The politics comes from Moldova, a small country, renowned for its homegrown food and wine, where Assembla’s night system administrators live. Yesterday, the government of Moldova shut down the Internet and took our guys offline. So, when I went to bed last night, I knew that for extraordinary reasons, we didn’t have night coverage, and I was worried. Sure enough, I was barely asleep when the ticking time bomb went off and the SSL certificate expired. A call from an alert user finally woke me up, at which point Moldova was back online, and we fixed the problem.
Moldova is a peaceful and friendly country with a strong engineering tradition, which is remarkable when you consider two things. First, it is the poorest country in Europe, and mostly agricultural. Second, it is a tiny country wedged between Russia, which recently governed Moldova and occupies a slice of Moldova called Transdniestria, and Romania, which speaks the same language and was in the past joined with Moldova. Romania has been stealthily absorbing Moldovans into the EU by issuing them Romanian passports.
Moldova held an election on Sunday, and Monday, the results came in. The incumbent communists won about 50% of the vote and 60% of parliament. This is a credible result, given that the communists have during the past two years delivered peace and prosperity, albeit with corruption. The election was certified as "orderly" by international observers. The opposition claims that one reason for the calm and orderly voting was that thousands of dead people voted. A lot of young people in Moldova are not happy with the prospect of spending another 4 years with one of the world's only elected communist governments.
Students in Moldova fired up their computers and mobile phones, got on Twitter / facebook / SMS, and organized a protest with the keyword #pman. They converged on the presidential building, swarmed around the guards, broke the windows, and went inside, where they raised the Romanian flag, asked the incumbent president to leave the country, etc.
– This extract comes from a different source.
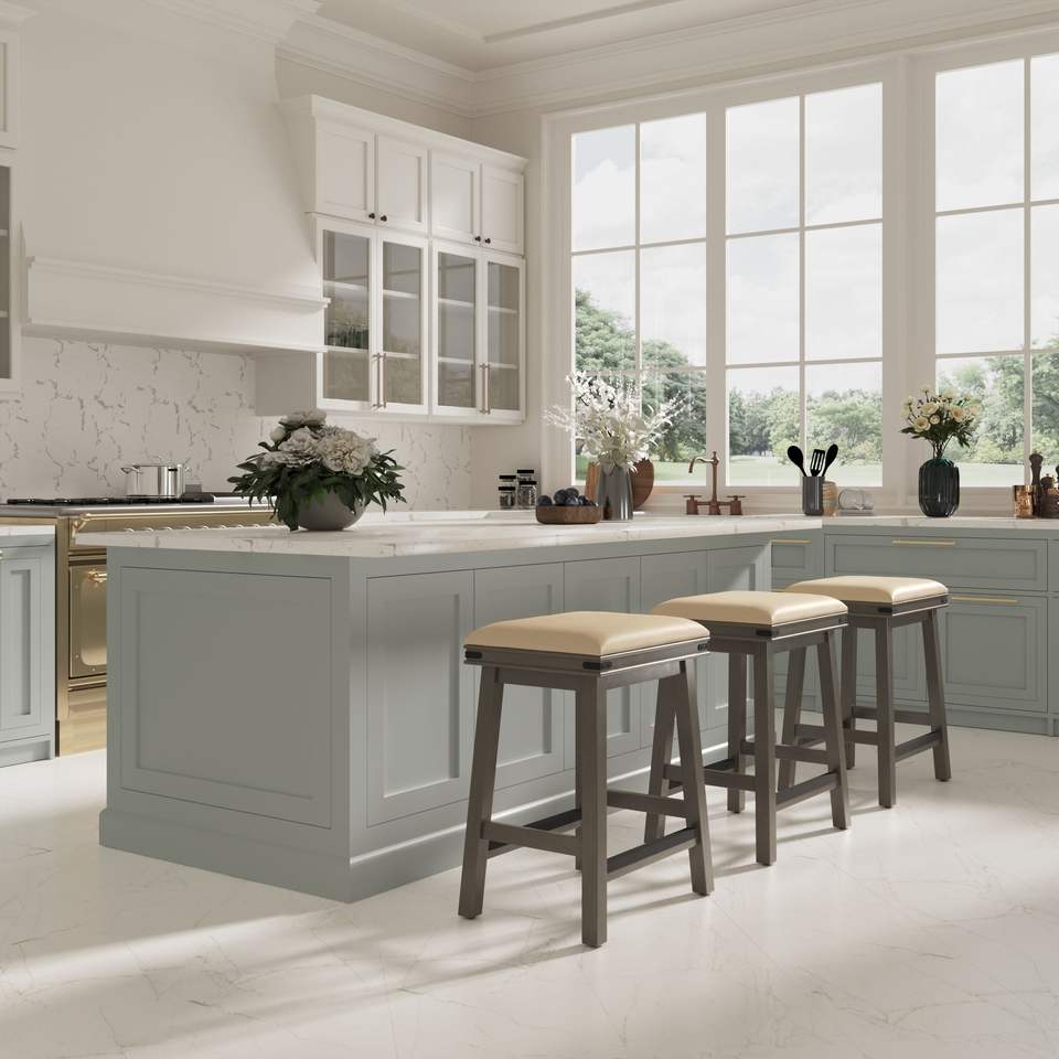 DB 24 "เก้าอี้เคาน์เตอร์แบบร่วมสมัยเบาะหนังสีเทาฝรั่งเศสปรับได้กรอบเหล็กทนต่อสภาพอากาศสีเทาสำหรับห้องครัวบาร์คลับอีฟ

The incumbent government of Moldova then shut down Internet and mobile phone service in the capital, Chisinau. This tactic limited the formation of new flashmobs.
Spreading admin work into different time zones is a good way to get 24 hour coverage, but this example shows that it has some problems. I am not sure that it offers a general lesson, because I have not seen an entire country go offline before. It seems pretty rare.